There was no build process or continuous integration for the old project. Even if the tests worked perfectly, no one would run them. We would only be finding bugs after the buggy code had already been committed. And we had no sense of how comprehensive the tests were; code coverage reporting was non-existent.
The codebase was also horribly confusing. There was layer upon layer of abstraction and indirection, followed by giant functions spanning hundreds of lines with no documentation. The lack of coding conventions meant that each new file I opened in vim was written in a completely different style than the previous.
"Whatever they did, do the opposite"
I told myself that the guiding principle in the design and development of the new system would be "the new system is as straightforward, quick, and easy to develop against as the old system is frustrating." I know a lot of best practices when it comes to starting a large Python project (many of which are detailed in my post Open Sourcing a Python Program the Right Way). And so I set out to do exactly the opposite of everything the previous project did.
Now for the meat of the article: the specific steps I took that inadvertently turned novices into rockstars.

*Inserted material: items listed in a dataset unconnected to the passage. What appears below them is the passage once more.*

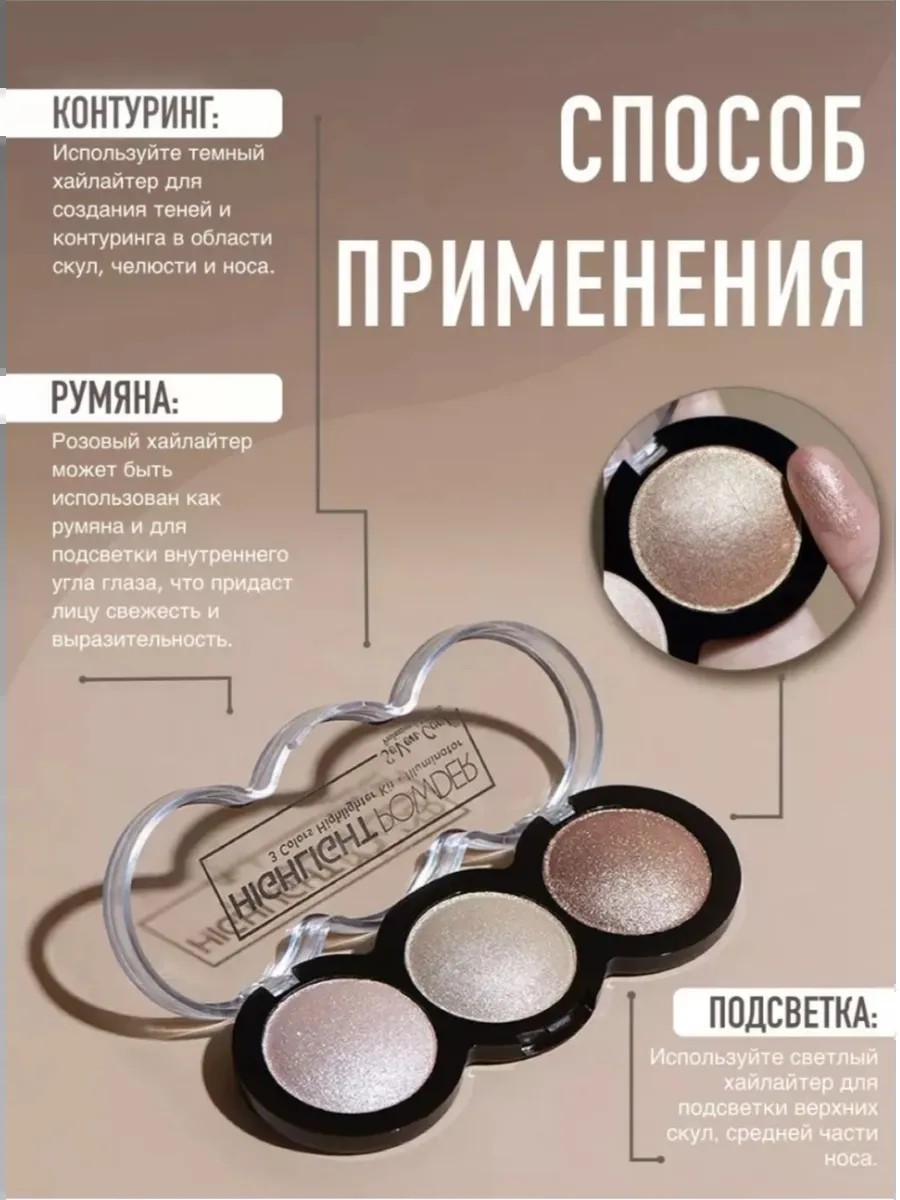 | Комплектация | Хайлайтер Румяна сухие 3в1 |
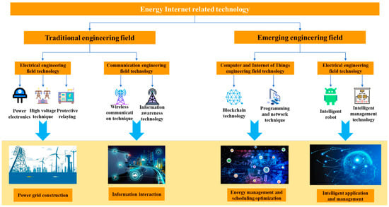 According to the situation reflected by the concept of the Energy Internet technology standard system, the related technology of building the Energy Internet mainly involves the existing technology fields, including electrical engineering, communication engineering, computer and Internet of Things engineering, artificial intelligence and so on []. Related technologies in the field of electrical engineering are still power electronic technology, power system relay protection, power system overvoltage and other technical means applied in the current power grid construction (the main reason is that although the Energy Internet has added many new elements compared with the power grid, energy supply from the traditional power grid is still one of the core energy supplies of the Energy Internet; the traditional grid is still an important part of the Energy Internet) []. Related technologies in the field of communication engineering mainly include information sensing technology [], wireless communication technology and so on (due to the large geographical span of energy deployment, condition monitoring and other problems, information interaction is required; therefore, some important technologies in the field of communication engineering are also essential elements for the construction of the Energy Internet []). The Energy Internet itself has many similarities to the Internet of Things. Both have the essential characteristics of high interconnection of each component element, but the objects are different (the Energy Internet targets all forms of energy, while the Internet of Things targets entities or various electronic products) []. Therefore, blockchain, network technology and programming in the field of computer and Internet of Things engineering are also important technologies for building the Energy Internet []. In particular, blockchain technology can play a key role in sustainable energy systems []. The technology in the field of artificial intelligence determines the upper limit of the development of the Energy Internet []. Applying AI and machine learning techniques to various traditional operational models of the Energy Internet can effectively promote its intelligent transformation. For example, considering the excellent real-time control and robustness of reinforcement learning method, it can be applied to the security and stability control of the power system. Through the design of online and offline control modes, or the design of more intelligent power system security and stability devices based on the algorithm, the control characteristics of the security and stability system can be further optimized. Then, the application of deep learning technology in the Energy Internet can play an important role in load prediction and control of the power grid and energy storage devices, fault diagnosis of power equipment, transient stability assessment of the power system, power big data fusion and anomaly detection and image recognition of power equipment. In addition, deep learning has advantages in feature extraction and model fitting. Considering the actual situation that a large number of new energy power stations, electric vehicles and energy storage devices are connected to the Energy Internet, the application of deep learning will effectively solve the power system problems with high dimensional, complex and coupling relations. The application of intelligent management technology and intelligent robot technology can provide effective help for the inspection and diagnosis of hardware equipment and the optimization of energy transmission and deployment of the Energy Internet. The existence of artificial intelligence technology can not only save human resources in the process of building the Energy Internet, but also complete some tasks that cannot be completed by human resources in the context of a large geographical span []. The related technologies required for the construction of the Energy Internet and their fields are displayed in Figure 5.
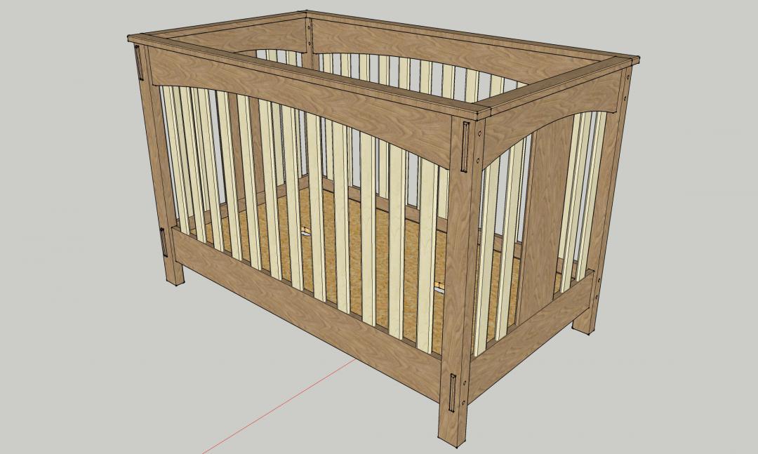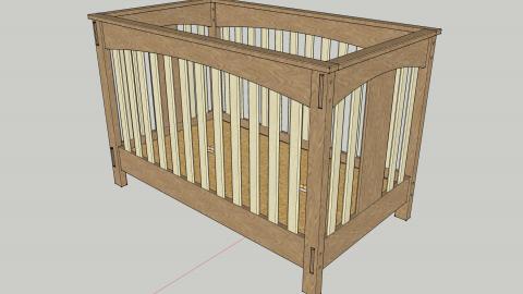 Finally after I found my inspiration, I jumped into SketchUp and modeled out the crib I wanted to make. I wanted traditional joinery, no hex-head bolts and fake tenons for my kid's first bed. Also, it had to be all hardwoods, no particle board or MDF . I decided on a two-tone effect using one wood for the frame and another for the pickets, with some wider panels on the ends so it didn't look 100% like a baby jail. I had to go back and forth with my wife on what those woods would be and convince her that it would look good. We settled on Cherry for the frame and Maple for the pickets.
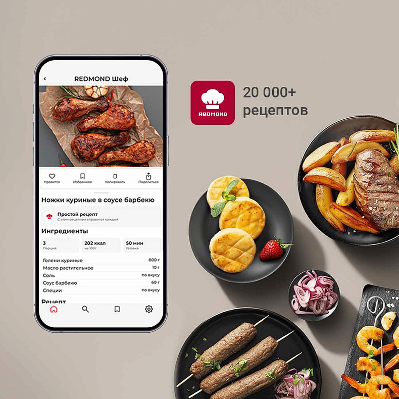 В приложении REDMOND Шеф вы найдете подборку фирменных рецептов на каждый день — от классических блюд до оригинальных идей для ужина или праздника. Рецепты из электронной кулинарной книги разработаны специально для этой модели аэрогриля, поэтому вы можете быть уверены в результате.

I'll list a number of areas I focused on and what I did in that space.
Design For Simplicity
First and foremost, I spent a good deal of time thinking the design of the system. My goal was to write the "scaffolding" code and then let my team's other developers add functionality. As such, I strived for a design that would make adding new functionality as straight-forward and error-free as possible.
My implementation of the scaffolding (or "skeleton") contained more than a simple class structure and set of interactions. It included a number of convenience functions and mechanisms to automate tasks that would be repeated often.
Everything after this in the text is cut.